Making the decision to cancel the international show we were due to run recently at Keysoe was frustrating for everyone, and obviously very disappointing for the riders who were going to come — but with the number of entries we had it just wasn’t viable.
We had scheduled a second ranking class to try to encourage people to jump. If the show had gone ahead with the numbers as they were, we’d have ended up losing between £30,000 and £40,000, which our business simply could not survive.
The Mediterranean Equestrian Tour tour in Spain hadn’t really entered my mind when I went for our usual show date this year. It hasn’t seemed to affect us in the past, but this time riders who might have come to our CSI show flocked there instead.
Shows in Britain are being left behind. Riders can go to a CSI in Europe every weekend or spend months jumping in Spain. There, they will find top facilities and a big audience of potential buyers. You won’t find many people with chequebooks open at a winter premier show here.

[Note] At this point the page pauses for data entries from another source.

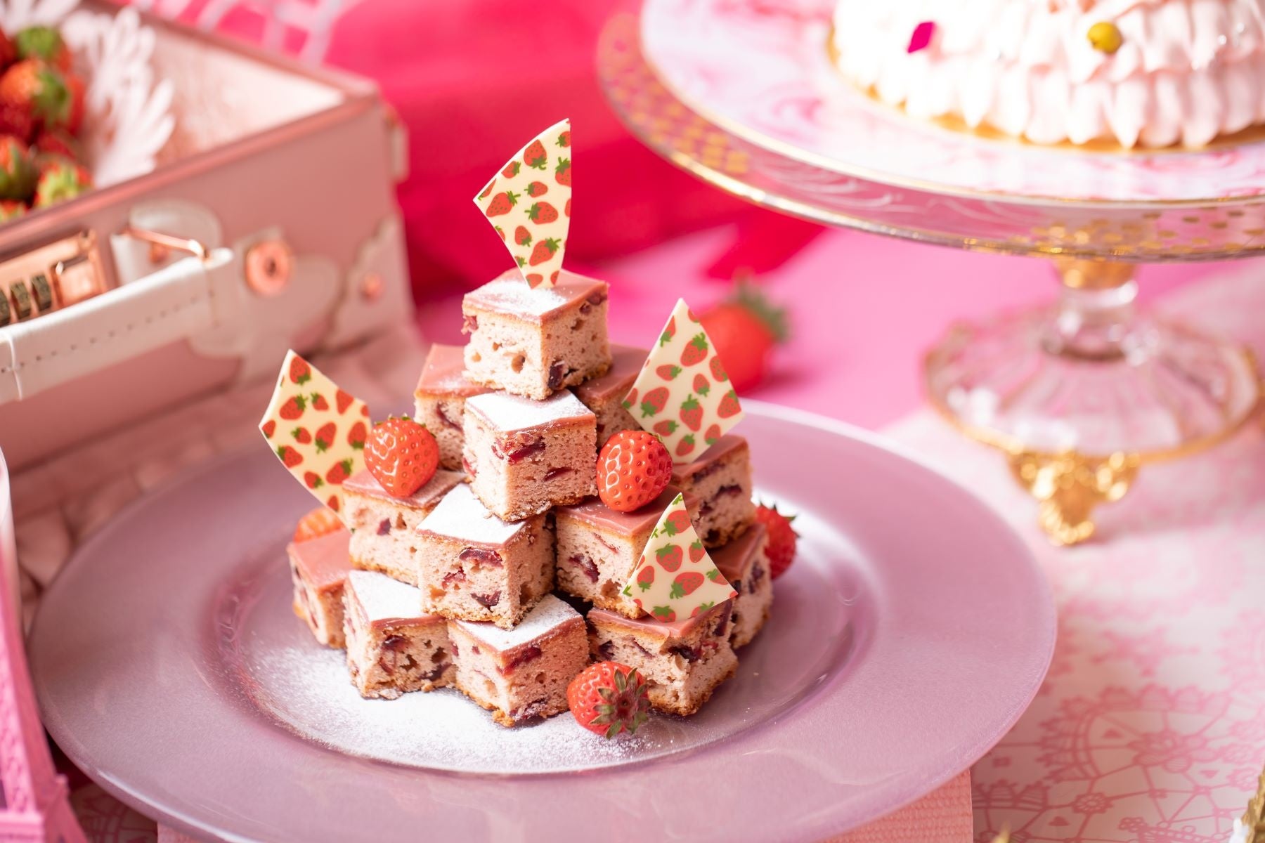 ■スイーツ(全18種類):ドレスドールショートケーキ/いちごレモンのタルト/ストロベリーパイ/カヌレタワー/ルビ―ショコラとベリオットムース/ライチとストロベリーのムース/いちごのガトーオペラ/いちごとヨーグルトのパンナコッタ/いちごプリン/チョコレートとチェリーのベリーヌ/いちごとピスタチオのベリーヌ/いちごのマスカルポーネムース/スティックワッフル/いちごチョコレートパウンドケーキ/いちごのクレープシュゼット/いちごマカロン/いちごと白ワインゼリー/SDGsフレッシュいちご食べ放題(形が規格外のため通常は提供されないもの)
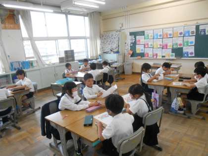 2年生にもSDGs博士がやってきて、学習をしました。2年生の人たちは、「今自分にできること」をたくさん考えて、グループごとに交流できていました。博士は、これでどの学年にも授業に行ったことになります。一人ひとりの行動が、明日の地球を救います。お家でもできることを子どもたちといっしょに考えてみてはいかがですか?
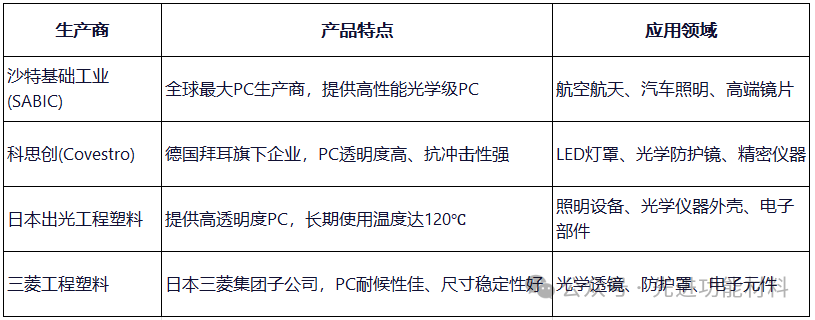 聚碳酸酯(PC)PC在光学性能上仅次于PMMA,透光率为88%,折射率为1.586,具有出色的抗冲击性和耐温范围(-135℃~+120℃) 2 。PC广泛应用于航空玻璃、非球面透镜等领域。主要生产商包括:

The classes in Britain appear a little obsolete, with less demand for a show from newcomers upwards — a category three show — in winter, and more riders wanting the chance to take a boxful of horses for all classes from British novice upwards — category two.
Showjumping is evolving so fast that it’s almost a different sport from week to week. To keep up, we need to evolve, too. The landscape is very different from when show categories were first introduced.
We really need the British Showjumping office to engage with organisers and riders and get a mix of classes that suits our businesses and those riders who stay in this country.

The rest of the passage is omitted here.